AVAILABLE DATA
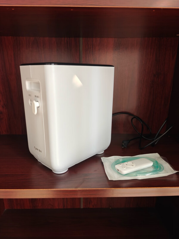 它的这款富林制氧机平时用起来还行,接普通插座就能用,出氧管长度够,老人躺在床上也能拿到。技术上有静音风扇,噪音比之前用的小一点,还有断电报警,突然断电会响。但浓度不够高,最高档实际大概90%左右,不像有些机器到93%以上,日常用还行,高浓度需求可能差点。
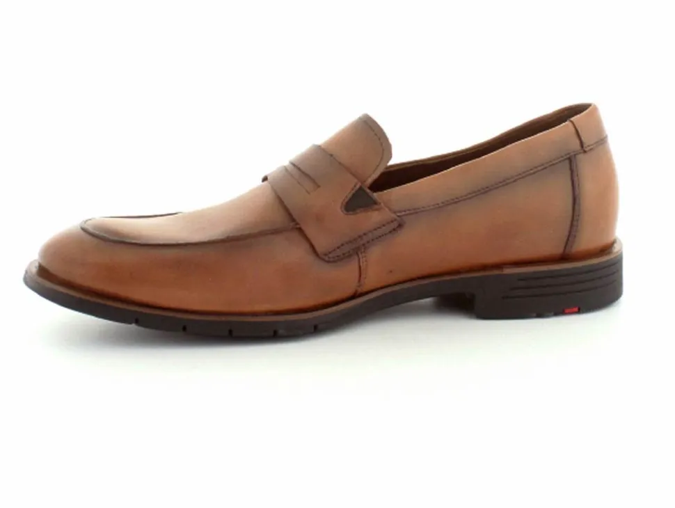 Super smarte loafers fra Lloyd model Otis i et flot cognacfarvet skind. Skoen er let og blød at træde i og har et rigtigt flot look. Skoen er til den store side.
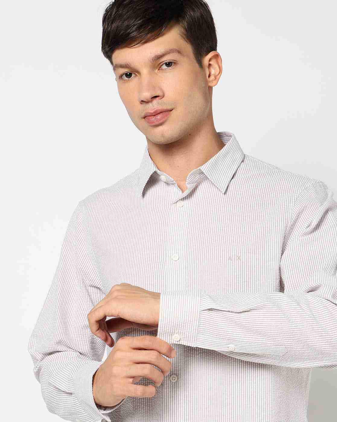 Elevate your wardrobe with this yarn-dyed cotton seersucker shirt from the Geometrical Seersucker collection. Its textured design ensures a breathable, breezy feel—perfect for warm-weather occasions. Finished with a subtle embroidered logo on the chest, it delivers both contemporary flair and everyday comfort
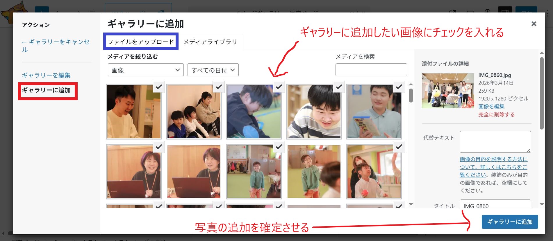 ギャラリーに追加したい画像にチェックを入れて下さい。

WHAT THE TASK REQUIRES
Whatever lies between the first line of the data and the line holding "Super smarte loafers", inclusive, should be repeated exactly, apart from the pictures.

WORKED SOLUTION
 它的这款富林制氧机平时用起来还行,接普通插座就能用,出氧管长度够,老人躺在床上也能拿到。技术上有静音风扇,噪音比之前用的小一点,还有断电报警,突然断电会响。但浓度不够高,最高档实际大概90%左右,不像有些机器到93%以上,日常用还行,高浓度需求可能差点。
 Super smarte loafers fra Lloyd model Otis i et flot cognacfarvet skind. Skoen er let og blød at træde i og har et rigtigt flot look. Skoen er til den store side.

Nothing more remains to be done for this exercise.